**Exercise data:**

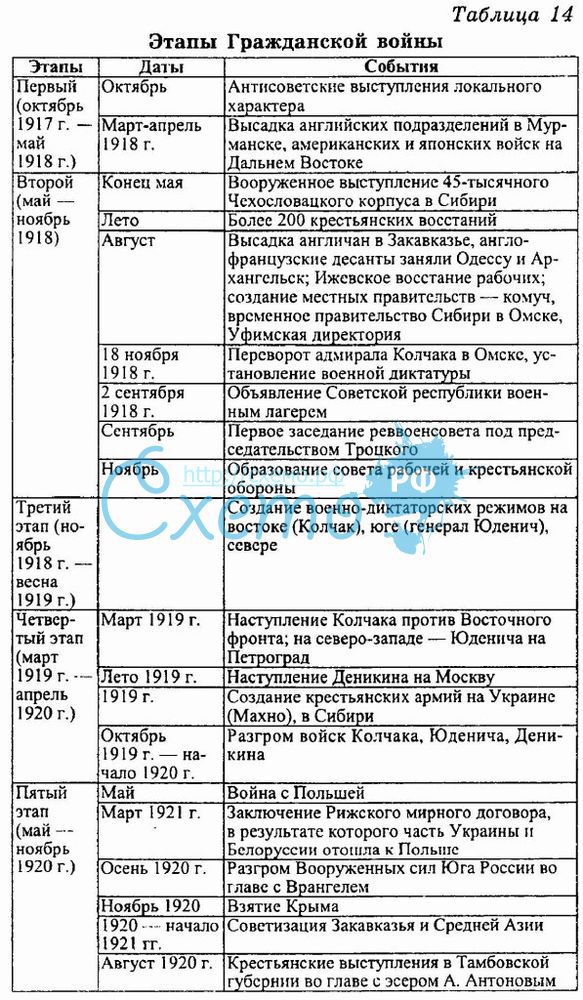 Таблица степень реализации факторов от которых зависела победа красных и белых в Гражданской войне
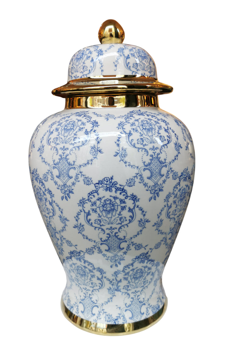 Fine Asianliving Chinese Gemberpot Blauw Wit Goud
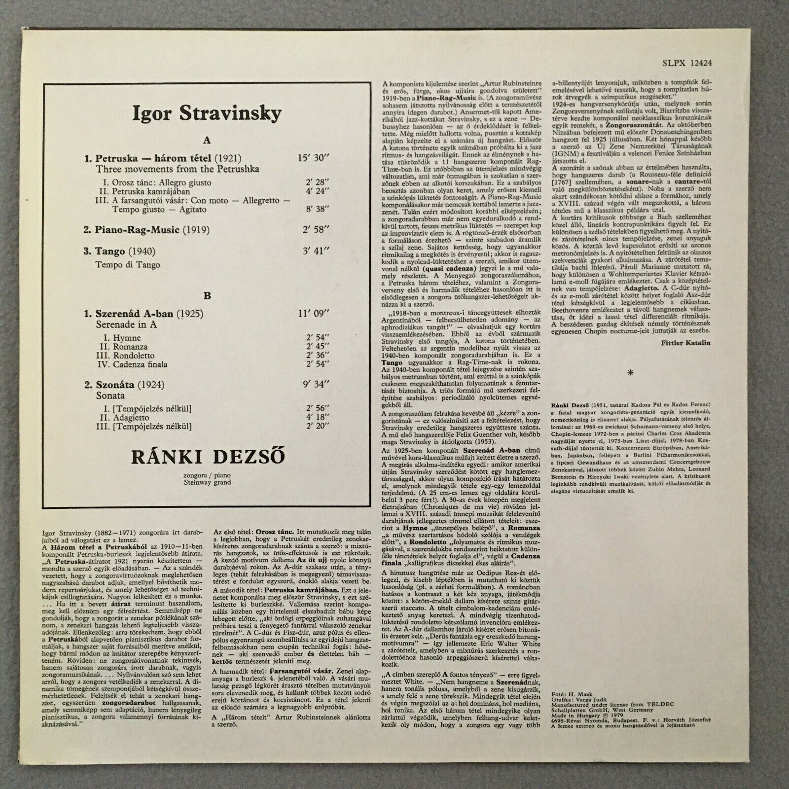 S100 Stravinsky Petruska Sonata Tabgo Dezso Piano Hungaroton SLPX 12424 Stereo
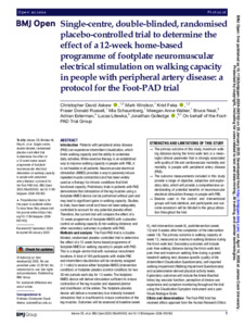 Single-centre, double-blinded, randomised placebo-controlled trial to determine the effect of a 12-week home-based programme of footplate neuromuscular electrical stimulation on walking capacity in people with peripheral artery disease: a protocol for the Foot-PAD trial

**Work request:** Take the lines from the one containing "S100 Stravinsky Petruska" through the final line of the listing above and print them exactly, including both ends but no pictures.

**Result of the task:**
 S100 Stravinsky Petruska Sonata Tabgo Dezso Piano Hungaroton SLPX 12424 Stereo
 Single-centre, double-blinded, randomised placebo-controlled trial to determine the effect of a 12-week home-based programme of footplate neuromuscular electrical stimulation on walking capacity in people with peripheral artery disease: a protocol for the Foot-PAD trial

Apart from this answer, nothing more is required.